------ Records shown ------
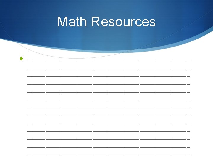 Math Resources S Manipulatives/Abacus S Number Lines S Math Fact Sheet S Graph Paper/Modified Paper S Calculators S Videos/Podcasts/Pencasts S Software for practice/instruction HOME
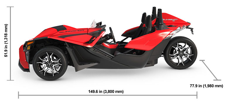 Slingshot® is a three-wheeled motorcycle. It is not an automobile. It does not have airbags and it does not meet automotive safety standards. Three wheel vehicles may handle differently than other vehicles, especially in wet conditions. Always wear a DOT-approved full-face helmet and fasten seatbelts. The Driver may need a valid motorcycle endorsement. Don't drink and drive.
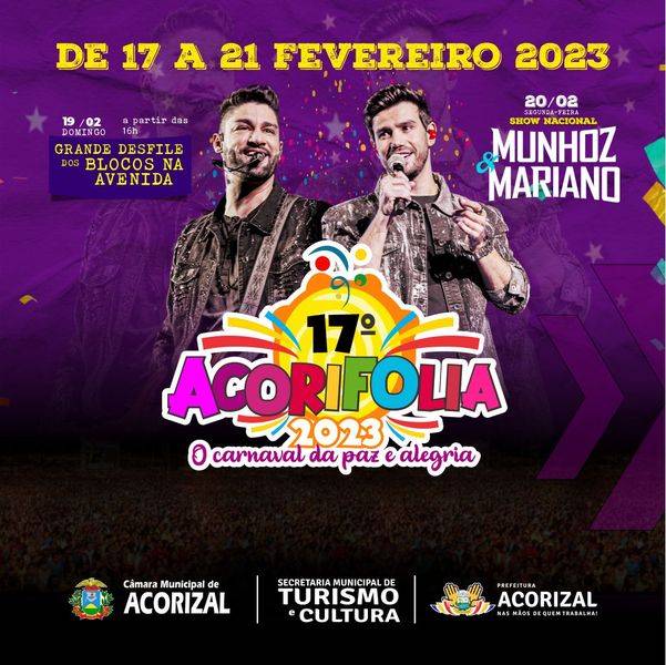 O Prefeito de Acorizal Diego Taques por meio da Secretaria de Turismo e Cultura sob comando de Dirceu Dino e todo o secretariado estão empenhados na missão de preparar a cidade para esta grande festa popular cancelado por dois anos devido a pandemia.
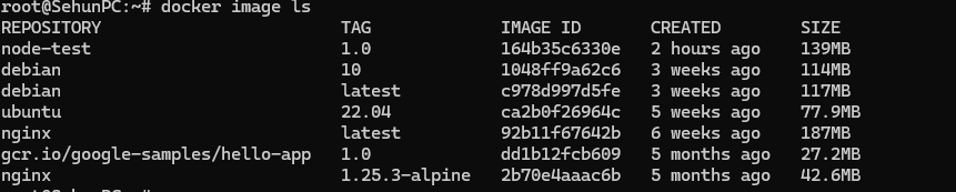 # 남아 있는 이미지 리스트 확인 – 실행 중인 컨테이너의 이미지 등
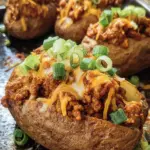 Place the seasoned potatoes directly onto the oven rack, almost like they’re comfy on their little beds! Bake them for about 30 minutes. After that, flip them and return them to cook for another 20 to 30 minutes. You want the potatoes to be fork-tender. A sharp knife should easily pierce through their fluffy goodness. Once they’re perfect, carefully remove them from the oven and let them cool just enough to handle. They’ll be puffed up and ready for a hearty filling!
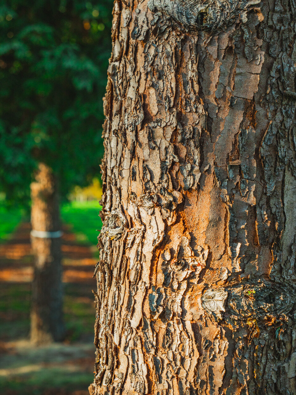 Fast growing conifer with a narrow pyramidal crown, up to 30 m, even higher in the right conditions. The striking, orange-yellow bark is soft and fibrous and peels off in long strips. The horizontally attached twigs are in whorls. The needles are spirally arranged along the twigs and are pressed against the twig at their base. They are blue-green and have two stomatal stripes on the underside. In winter their colour becomes more intense and more blue than green. The narrow oval cones are brown and relatively inconspicuous. When mature, ‘Winter Blue’ is more densely branched than the species. The slender crown of this large tree means it can also be used in wide borders. Prefers to grow on a well-drained, sandy loam soil. Good wind tolerance. Can also tolerate sea wind but not drying wind. When young this tree needs protection against severe frost.
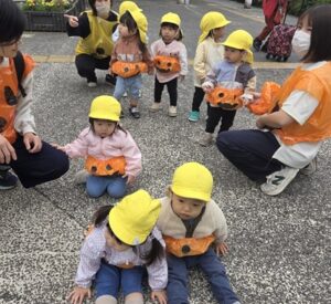 当日はカボチャをつけて、1歳児さんはお散歩に…
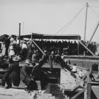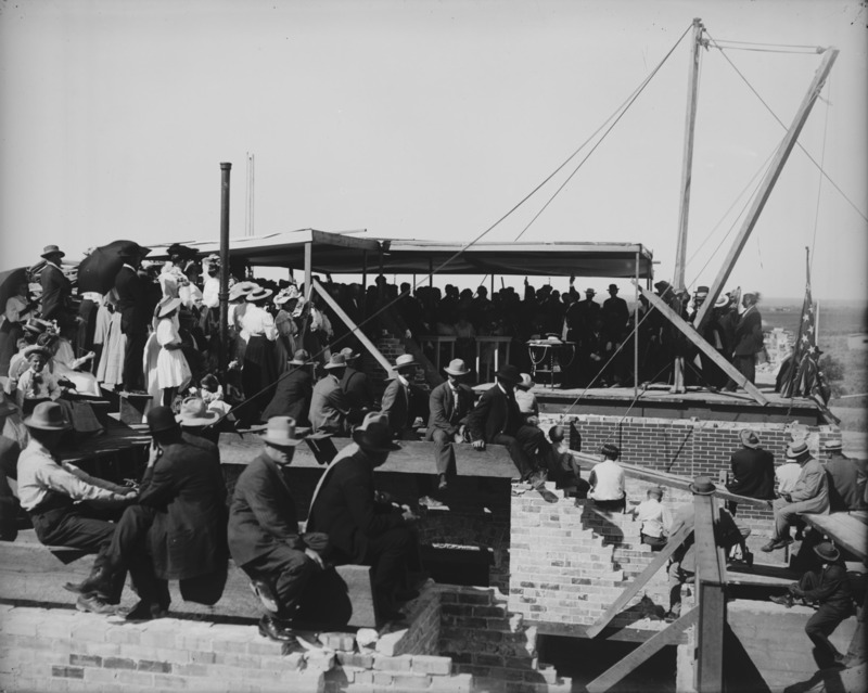 - Lincoln School. Laying the Cornerstone. June, 1908.; A large crowd of people among the construction elements at the school site, listening to a speaker
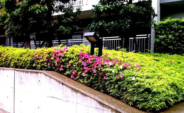 都会にある植え込みには、ツツジが植えられていることも多いように思います(たとえば、上に貼り付けた写真は今日眺めた”マンション前の植え込みの写真”です。照明灯のある場所だけツツジが咲いていることがわかることと思います)。もしも、早く咲くツツジを見たときには、その周りを眺めてみると、生命のメカニズムを実感することができるかもしれません。植え込みの照明灯近くには、きっと綺麗に花が咲いているはずです。そして、そんな因果関係で動かされる世界に気づくのです。
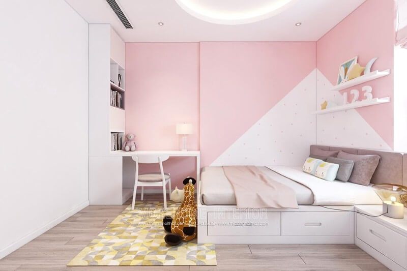 Mẫu thiết kế phòng ngủ chung cư hiện đại, nhà phố đẹp cho bé gái.
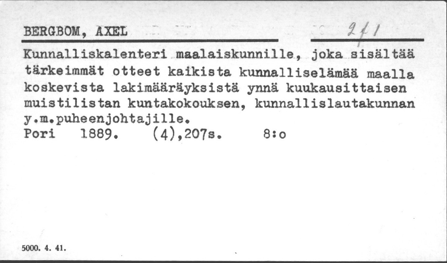 Yleinen kunnallishallinto. Palolaitos. Poliisilaitos.
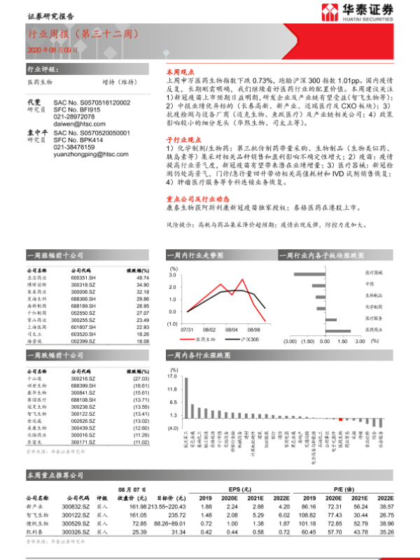 【华泰证券】【20200809】医药生物行业周报(第三十二周)-12页
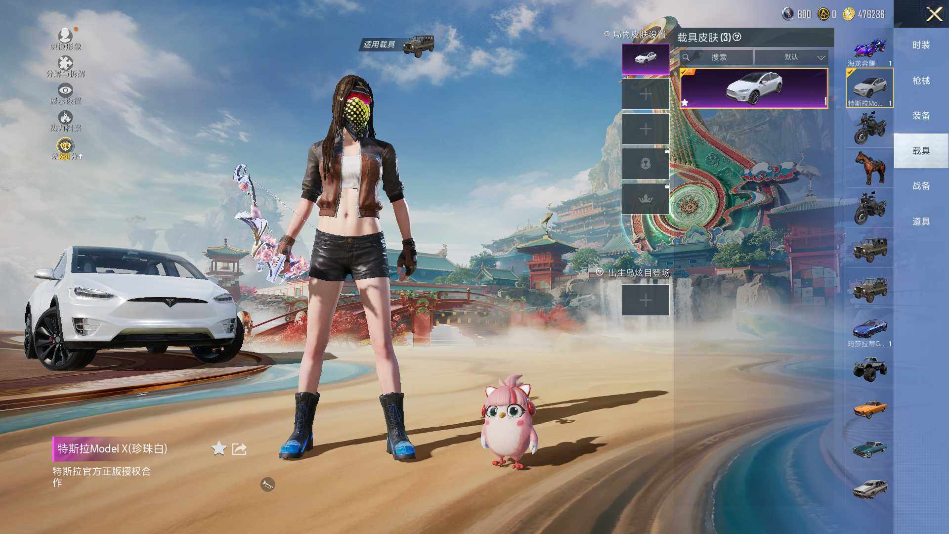 【粉色载具】:特斯拉Model X(珍珠白),玛莎拉蒂Ghibli(蓝),海龙奔腾
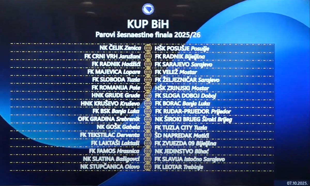 Odlukom žrijeba u šesnaestini finala Kupa BiH gledat ćemo duele:
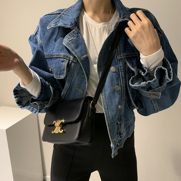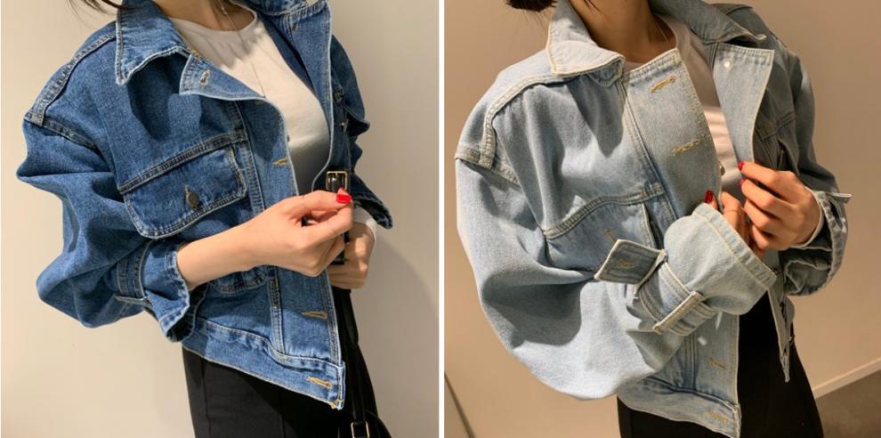Dongdaemun, новый корейский блоггер, рекомендует модную короткую джинсовую куртку свободного стиля с длинными рукавами и лацканами для женщин
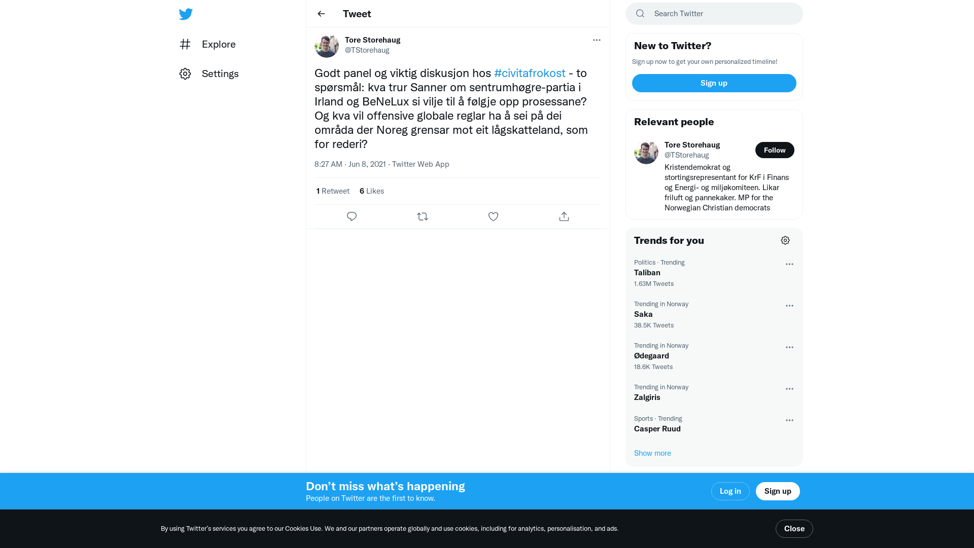 Godt panel og viktig diskusjon hos #civitafrokost - to spørsmål: kva trur Sanner om sentrumhøgre-partia i Irland og BeNeLux si vilje til å følgje opp prosessane? Og kva vil offensive globale reglar ha å sei på dei områda der Noreg grensar mot eit lågskatteland, som for rederi?
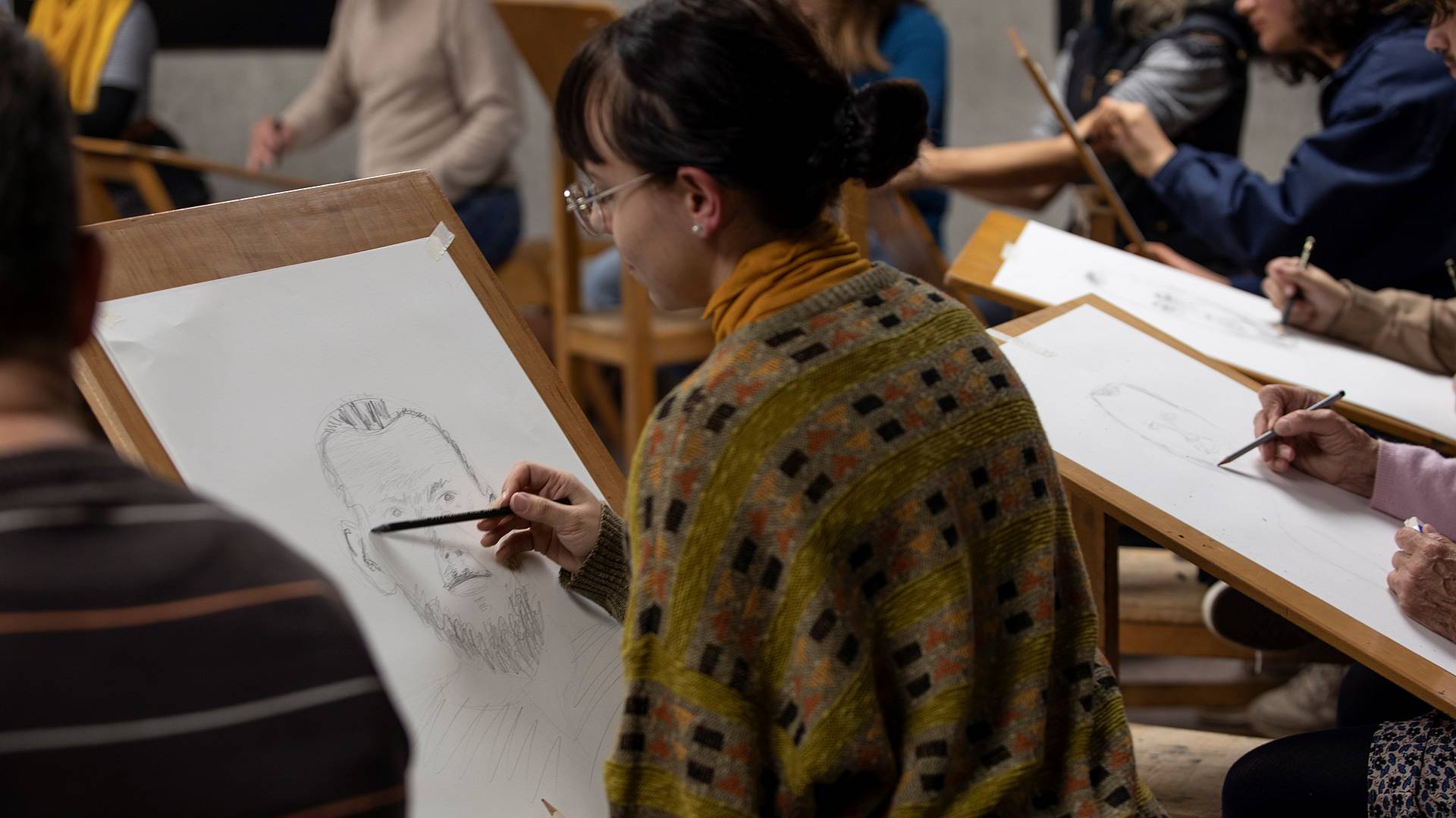 Karl Fürer gehört zum Gründungs-Team der ersten Zeichennacht. Bei ihm im Portrait-Zeichnen gehe es darum, sowohl das Auge als auch die Hand zu trainieren. Er sagt: «Die Hand zeichnet das, was das Auge sieht. Wie bei einem Klavierspieler trainierst du immer wieder, damit das Auge die Proportionen nicht nur detailliert wahrnimmt, sondern sie auch in die Hand überträgt. Dieser Prozess braucht stetige Wiederholung.» Karl Fürer betont, dass Perfektion zwar schön und spannend sei. Das Unperfekte habe häufig aber einen noch stärkeren Reiz.»
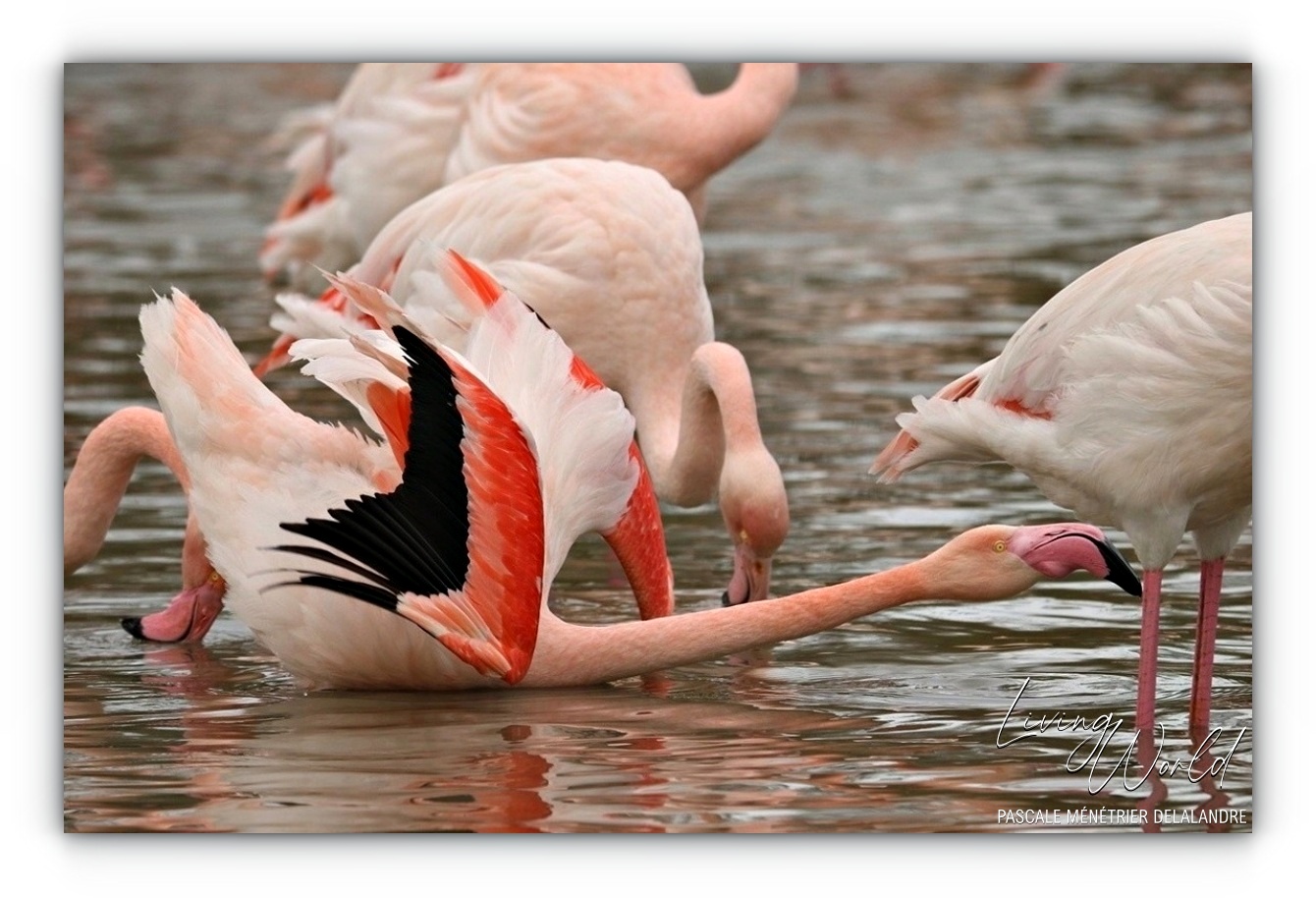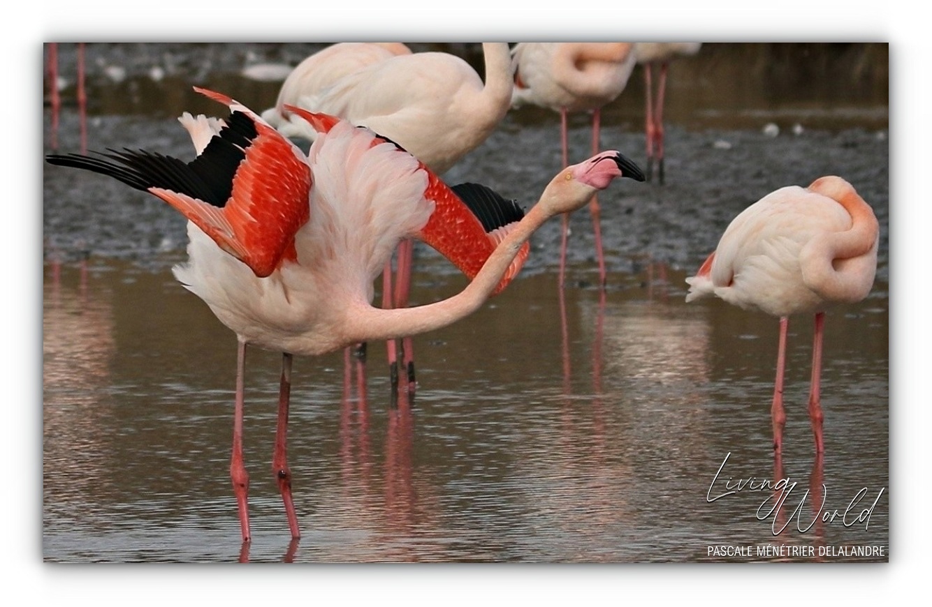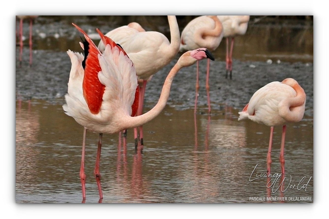 De juin à novembre les flamants muent et des plumes neuves apparaissent sur leurs corps pour ainsi dévoiler de magnifiques couleurs et se présenter dans leurs plus beaux atours pour la saison des amours.
------
| What needs to be done |
Copy each line of the records above exactly as written. Do not carry over any picture.

| Written reply |
 Math Resources S Manipulatives/Abacus S Number Lines S Math Fact Sheet S Graph Paper/Modified Paper S Calculators S Videos/Podcasts/Pencasts S Software for practice/instruction HOME
 Slingshot® is a three-wheeled motorcycle. It is not an automobile. It does not have airbags and it does not meet automotive safety standards. Three wheel vehicles may handle differently than other vehicles, especially in wet conditions. Always wear a DOT-approved full-face helmet and fasten seatbelts. The Driver may need a valid motorcycle endorsement. Don't drink and drive.
 O Prefeito de Acorizal Diego Taques por meio da Secretaria de Turismo e Cultura sob comando de Dirceu Dino e todo o secretariado estão empenhados na missão de preparar a cidade para esta grande festa popular cancelado por dois anos devido a pandemia.
 # 남아 있는 이미지 리스트 확인 – 실행 중인 컨테이너의 이미지 등
 Place the seasoned potatoes directly onto the oven rack, almost like they’re comfy on their little beds! Bake them for about 30 minutes. After that, flip them and return them to cook for another 20 to 30 minutes. You want the potatoes to be fork-tender. A sharp knife should easily pierce through their fluffy goodness. Once they’re perfect, carefully remove them from the oven and let them cool just enough to handle. They’ll be puffed up and ready for a hearty filling!
 Fast growing conifer with a narrow pyramidal crown, up to 30 m, even higher in the right conditions. The striking, orange-yellow bark is soft and fibrous and peels off in long strips. The horizontally attached twigs are in whorls. The needles are spirally arranged along the twigs and are pressed against the twig at their base. They are blue-green and have two stomatal stripes on the underside. In winter their colour becomes more intense and more blue than green. The narrow oval cones are brown and relatively inconspicuous. When mature, ‘Winter Blue’ is more densely branched than the species. The slender crown of this large tree means it can also be used in wide borders. Prefers to grow on a well-drained, sandy loam soil. Good wind tolerance. Can also tolerate sea wind but not drying wind. When young this tree needs protection against severe frost.
 当日はカボチャをつけて、1歳児さんはお散歩に…
 - Lincoln School. Laying the Cornerstone. June, 1908.; A large crowd of people among the construction elements at the school site, listening to a speaker
 都会にある植え込みには、ツツジが植えられていることも多いように思います(たとえば、上に貼り付けた写真は今日眺めた”マンション前の植え込みの写真”です。照明灯のある場所だけツツジが咲いていることがわかることと思います)。もしも、早く咲くツツジを見たときには、その周りを眺めてみると、生命のメカニズムを実感することができるかもしれません。植え込みの照明灯近くには、きっと綺麗に花が咲いているはずです。そして、そんな因果関係で動かされる世界に気づくのです。
 Mẫu thiết kế phòng ngủ chung cư hiện đại, nhà phố đẹp cho bé gái.
 Yleinen kunnallishallinto. Palolaitos. Poliisilaitos.
 【华泰证券】【20200809】医药生物行业周报(第三十二周)-12页
 【粉色载具】:特斯拉Model X(珍珠白),玛莎拉蒂Ghibli(蓝),海龙奔腾
 Odlukom žrijeba u šesnaestini finala Kupa BiH gledat ćemo duele:
Dongdaemun, новый корейский блоггер, рекомендует модную короткую джинсовую куртку свободного стиля с длинными рукавами и лацканами для женщин
 Godt panel og viktig diskusjon hos #civitafrokost - to spørsmål: kva trur Sanner om sentrumhøgre-partia i Irland og BeNeLux si vilje til å følgje opp prosessane? Og kva vil offensive globale reglar ha å sei på dei områda der Noreg grensar mot eit lågskatteland, som for rederi?
 Karl Fürer gehört zum Gründungs-Team der ersten Zeichennacht. Bei ihm im Portrait-Zeichnen gehe es darum, sowohl das Auge als auch die Hand zu trainieren. Er sagt: «Die Hand zeichnet das, was das Auge sieht. Wie bei einem Klavierspieler trainierst du immer wieder, damit das Auge die Proportionen nicht nur detailliert wahrnimmt, sondern sie auch in die Hand überträgt. Dieser Prozess braucht stetige Wiederholung.» Karl Fürer betont, dass Perfektion zwar schön und spannend sei. Das Unperfekte habe häufig aber einen noch stärkeren Reiz.»
 De juin à novembre les flamants muent et des plumes neuves apparaissent sur leurs corps pour ainsi dévoiler de magnifiques couleurs et se présenter dans leurs plus beaux atours pour la saison des amours.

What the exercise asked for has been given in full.